A category \(\mathbf{C}\) is distributive if (Wikipedia contributors 2018) it has finite Products and Sums such that \(\forall a,b,c \in \mathrm{ob}(\mathbf{C})\) the canonical morphism \[\left[\mathbf{1}_{a \to a} \times i_b, \mathbf{1}_{a \to a} \times i_c\right]: (a \times b) \oplus (a \times c) \to a \times (b \oplus c)\] is an Isomorphism, where \(i_b: b \to b \oplus c\) and \(i_c: c \to b \oplus c\) are the sum injections. Also the unique morphism \[\mathbf{0} \to a \times \mathbf{0}\] is an Isomorphism, where \(\mathbf{0}\) is the Initial object.

Set category is an example (Wikipedia contributors 2018) of Distributive category

From other hand not all categories which have both product and sum are distributive. One of such example is a category of all groups \(\mathbf{Grp}\) (Wikipedia contributors 2018) where groups are considered as objects and group homomorphisms as morphisms.

Exponential

We are going to talk about functions (aka morphisms) as Objects.

Definition and examples

Consider 2 sets \(A\) and \(B\) then the set of functions between the 2 sets forms a new set that is called as Homset and denoted as \(\mathrm{hom}\left(A, B\right)\). Thus if \(A,B \in \mathrm{ob}(\mathbf{Set})\) then \(\mathrm{hom}\left(A, B\right) \in \mathrm{ob}(\mathbf{Set})\).

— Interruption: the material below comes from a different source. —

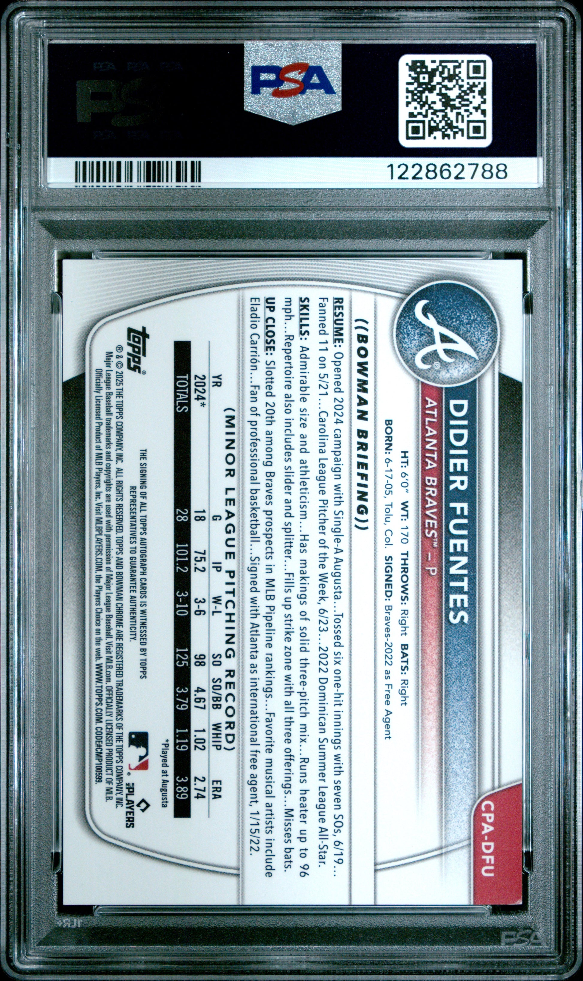 2025 Bowman Chrome Prospect Autographs Didier Fuentes Mini Dia /100 PSA 8

The construction of Homset is applied to the Set category but not to an arbitrary category because the Homset is a Set and therefore the object in the Set category. I.e. if \(\mathbf{C}\) is a Locally small category and \(a, b \in \mathrm{ob}(\mathbf{C})\) then the Homset \(\mathrm{hom}\left(a, b\right) \in \mathrm{ob}(\mathbf{Set})\) but for an arbitrary category this collection does not have to be a set. Thus we now want to construct something like to the Homset but that is an object in \(\mathbf{C}\). This will be called as the function object. we shall use the universal construction (Universal property) for the object definition.

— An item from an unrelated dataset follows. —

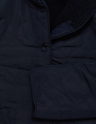 In changeable weather, pull on this versatile puffer jacket. It has a regular fit, with a hooded neck and easy popper fastening. It's even reversible so it can be worn two ways: the quilted side features water-repellent Stormwear™ technology to keep you dry, while the other is made from soft borg for a supremely cosy feel. The large patch pockets and two internal slip pockets make it easy to keep essentials close at hand. n M&S Collection: easy-to-wear wardrobe staples that combine classic and contemporary styles.

Let \(\mathbf{C}\) is a category and \(x, y \in \mathrm{ob}(\mathbf{C})\). We also assume that \(\mathbf{C}\) allows all Products with \(x\), i.e. \(\forall y' \in \mathrm{ob}(\mathbf{C}), \exists y' \times x\). An object \(y^x\) together with a Morphism \(e: y^x \times x \to y\) is an exponential object if for every \(y' \in \mathrm{ob}(\mathbf{C})\) and every Morphism \(e': y' \times x \to y\) there exists a unique morphism \(h: y' \to y^x\) such that the Commutative diagram shown in Exponential commutes: \[e' = e \circ \left(h \times \mathbf{1}_{x \to x} \right)\]

Lets look at the Exponential in \(\mathbf{Set}\). We want to show that the object corresponds to the function. Really if we want to define a function \(f: X \to Y\) then we should look at the Homset \(F = \mathrm{hom}\left(X, Y\right)\). \(f \in F\) - is an element of the Homset. For the function application we have to take the argument \(x \in X\) and the function we want to apply \(f \in F\). Then we construct the pair \((f,x) \in F \times X\). For the function application we have to call a Morphism \(e: F \times X \to Y\). ³ I.e. the application \(e(f, x)\) gives us \(e(f, x) = y \in Y\) - the function value.

The notation is used for “morphisms (functions) as objects” in the category theory has an explanation provided in the following remark.

The Homset \(\mathrm{hom}\left(X, Y\right)\) is often denoted as \(Y^X\). Why the strange notation is used? Lets \(X\) is a Singleton i.e. its Cardinality is \(1\): \(\left|X\right| = 1\). The set \(Y\) has only 2 elements, i.e. its Cardinality is \(2\): \(\left|Y\right|= 2\).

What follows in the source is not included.